The Pension Fund Regulatory and Development Authority (PFRDA) has chosen six insurance firms as annuity service providers (ASPs) for the National Pension System (NPS). An annuity is a pension product that gives you a regular payout against payment of a lump sum.
Life Insurance Corp. of India, SBI Life Insurance Co. Ltd, ICICI Prudential Life Insurance Co. Ltd, Bajaj Allianz Life Insurance Co. Ltd, Star Union Dai-ichi Life Insurance Co. Ltd and Reliance Life Insurance Co. Ltd will now offer the choice of annuitizing retirement corpus upon maturity.
Even as maturity of your NPS account is far away in the future, you should know annuity products on offer.
How does NPS work?
NPS is a pure defined contribution product in which you can begin investing from the age of 18. You need to invest at least Rs 6,000 every year and the scheme has a lock-in till 60 years of age.
Upon attaining 60 years of age, you can retain 60% of the fund value and 40% goes into buying an annuity. Since NPS is meant for building a retirement corpus, it discourages early or premature withdrawals by forcing you to annuitize at least 80% of the withdrawn corpus.
In principle, the concept of annuity works like this: You give a lump sum to an ASP and in return it will provide you a periodic income at a certain rate of interest. This rate of interest is guaranteed for the life of the product. Insurers have tailored different kinds of annuity options which are available now.
Insurers are likely to offer the same annuity options to NPS subscribers as well. Says Tarun Chugh, chief distribution officer, ICICI Prudential Life, “The annuity products that we have matches the requirement of most of our customers. In fact about 90% of our customers have bought return of purchase price option or joint life with return of purchase price option. We don’t see the need to offer more products but as the market evolves, we may evaluate our products.”
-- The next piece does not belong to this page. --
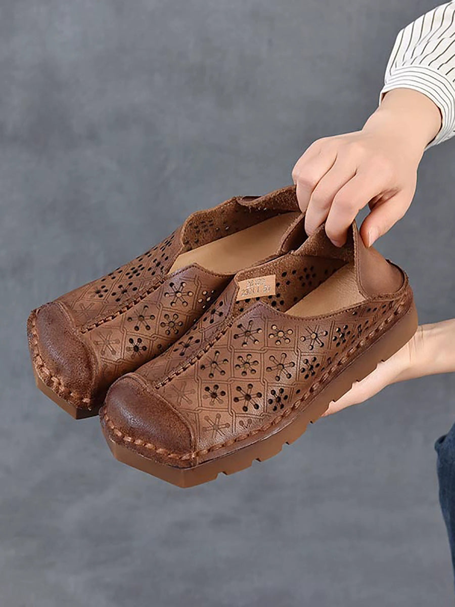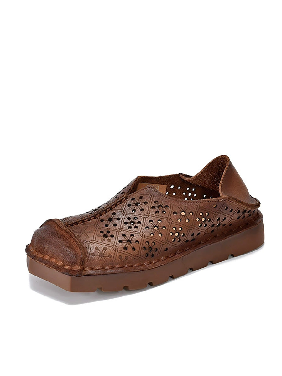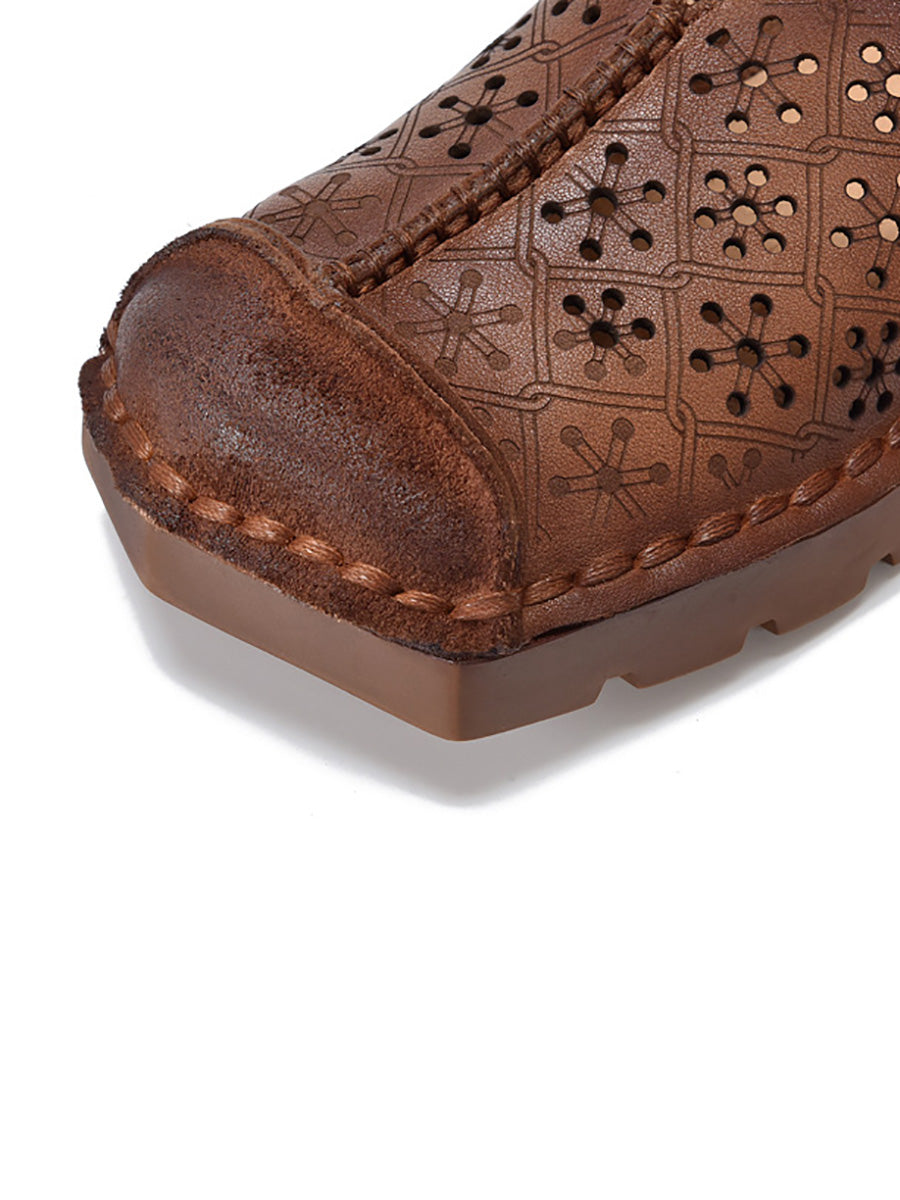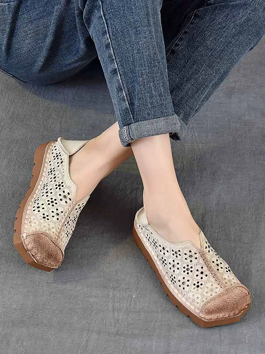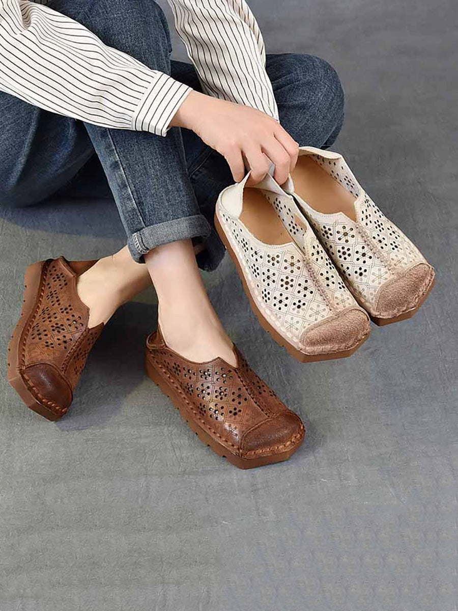 Women Summer Genuine Leather Spliced Hollow Out Shoes
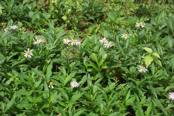 7月中旬梅雨过后,太阳重新照耀到河岸湿地,曾经丛丛小草的马兰也长到一尺多高,阳光的照射促使马兰开始开花了。马兰的花朵形似菊花,乍看是一朵花,其实这朵“花”是由众多小花组成的:外部淡紫色如花瓣一样的是舌状花,中心那些像小管一样的黄色管状花则形如花蕊。这种聚合在一起的花称之为“头状花”,这样奇特的结构也是菊科植物的标准特征之一。

But in order to cater to NPS investors who are government employees, PFRDA has also proposed an annuity option that will give a monthly pension (annuity) to the NPS subscriber and upon death of the subscriber, the monthly annuity will be paid to the family members. “At present the annuity options only allow for the spouse to continue with the annuity upon death of the subscriber. Other dependant members are given back the lump sum and they will need to buy fresh annuity. We want them to have continuation of annuity too as was the case when the employees hadn’t migrated to the NPS,” says Kamal Kr. Chaudhry, chief general manager, PFRDA.
But this may come at a huge cost. Says Chugh, “The price of an annuity is determined by the duration of our liability. If we have to offer the same annuity for the lifetime of dependants also, then the rate of interest will be very low.”
Different kinds of annuity products will offer different payouts. Says Kamalji Sahay, managing director and CEO, Star Union Dai-ichi: “Age of the investor and the type of the annuity will determine the payout. The older the person, the more will be the payout because the insurer will have to pay for a shorter time.”
What works for you will depend upon your age and your lifestyle and the number of dependants.